Шрифт:
Интервал:
Закладка:
Лаборатории «Ангела смерти», как его потом назовут, располагались рядом с печами крематория. Менгеле и его бригада, все тоже врачи, имен которых я не помню, вершили свои дела с улыбкой на губах, а в нескольких шагах от них горела в жарких печах плоть ни в чем не повинных людей. Если какой-нибудь ребенок не выдерживал и умирал, его бросали в печь, причем бросали без тени жалости. Всех детей, проходивших через лабораторию, аккуратно брали на учет. В этих списках Института гигиены СС есть и мой номер, и номера множества других детей…
Кроме переливания крови, на мне испытывали инъекции различных ядов. Менгеле желал посмотреть, как я на них буду реагировать. Рядом со мной лежали трупы детей, которые не вынесли инъекций. Когда день за днем живешь в кошмаре, он постепенно становится нормой. Тогда я еще слишком мало пожила на свете, чтобы отдавать себе отчет, где должна быть норма. Слишком коротко было время, прожитое в Белоруссии, чтобы не воспринимать как норму дни, проведенные в Биркенау. Конечно, белорусские леса были для меня светом, настоящим светом. Но тьма Биркенау оказалась так глубока, что этот свет словно кто-то на время выключил.
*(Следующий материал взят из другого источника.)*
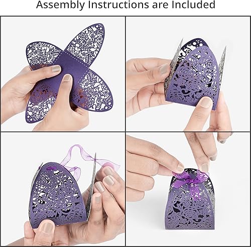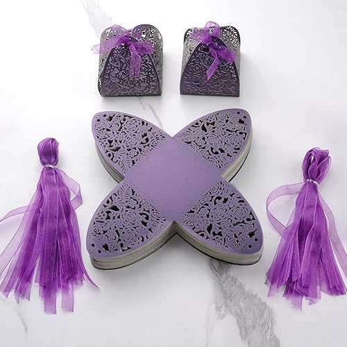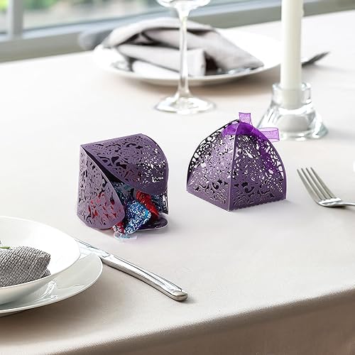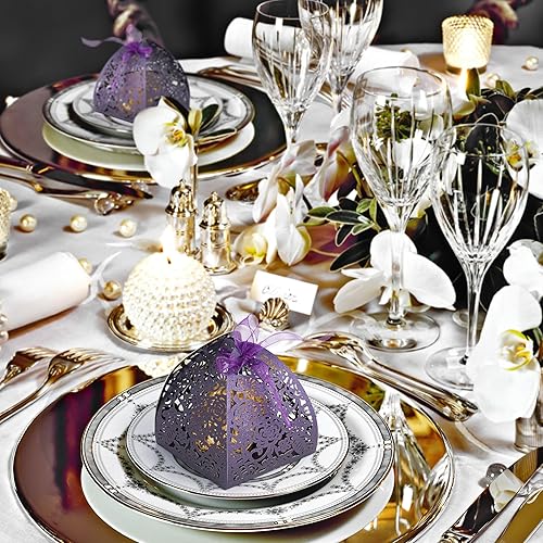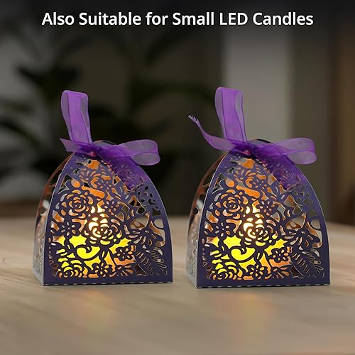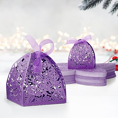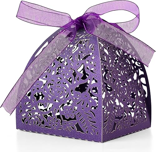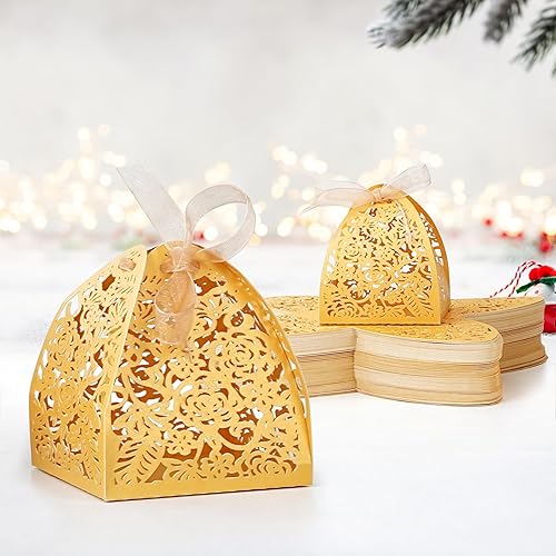 Winter Shore Lot de 100 Boite Cadeau Dorée avec Motifs de Rose Découpés au Laser avec Ruban - 6 x 6 x 7 cm Boîte Cadeau Noel, Mariage, Anniversaire, Mariage - Alimentaire, Sans BPA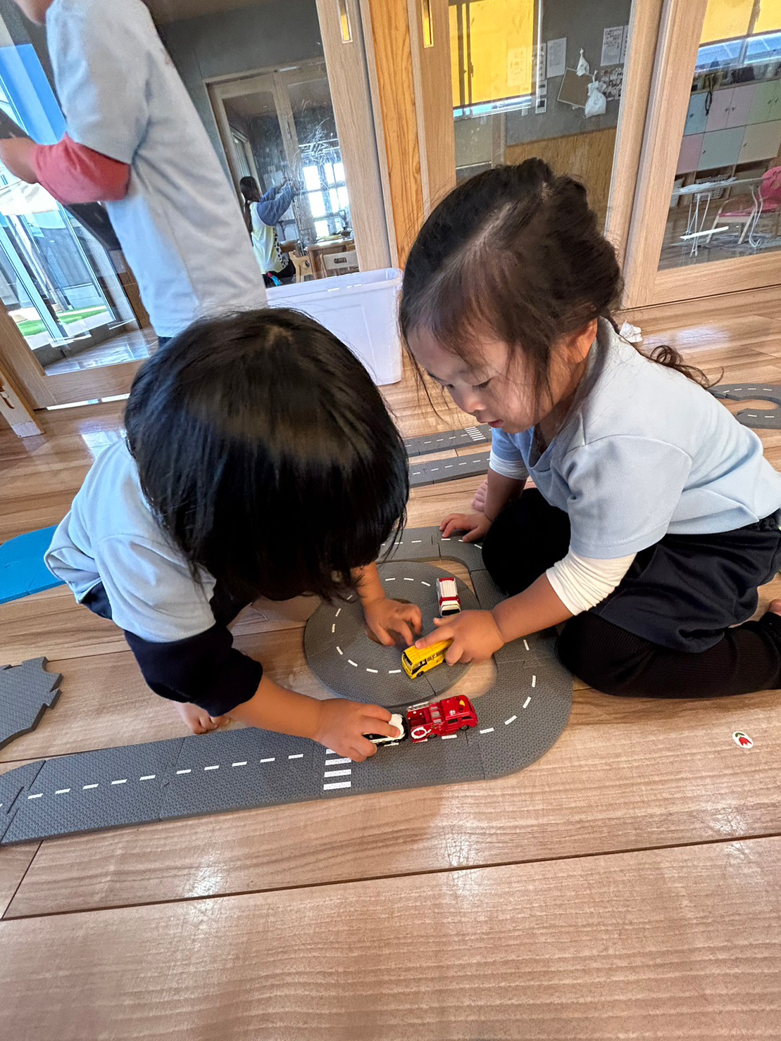 皆んなで道路を繋げてながーく伸ばして、好きな車🚗を思い思いに走らせました。久しぶりだったのでじっくり楽しむことができたようです🥰うさぎ、こあら、きりん組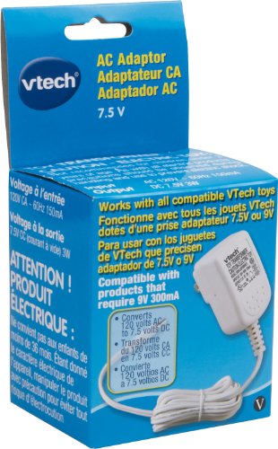 -. Binding : Toy -. Brand : VTech -. Feature : Works with InnoTab Learning Tablets and other VTech learning toys, including the V.Reader and MobiGo Systems / Converts 120 volt AC to 7.5 volt DC / Compatible with products that require 9V 300mA -. Label : V Tech -. Manufacturer : V Tech -. Model : 80-0877000-PARENT -. PackageQuantity : 1 -. ProductGroup : Toy -. ProductTypeName : TOYS_AND_GAMES -. Publisher : V Tech -. Studio : V Tech -. Title : VTech AC Adaptor

Нормальным очень быстро оказалось и постоянное жжение в глазах. В лаборатории у Менгеле я сразу засыпала, а когда приходила в себя, то ничего не помнила. В этот момент мое тело начинало рассказывать мне, что происходило в лаборатории. После маленьких язвочек от переливания крови и вколотых ядов именно жжение в глазах давало мне понять, что со мной делали. Менгеле был помешан на глазах. Это было его излюбленное место деятельности. Он вкалывал мне в глаза какую-то жидкость и смотрел, что из этого получится. В последующие дни глаза у меня горели и часто поднималась температура.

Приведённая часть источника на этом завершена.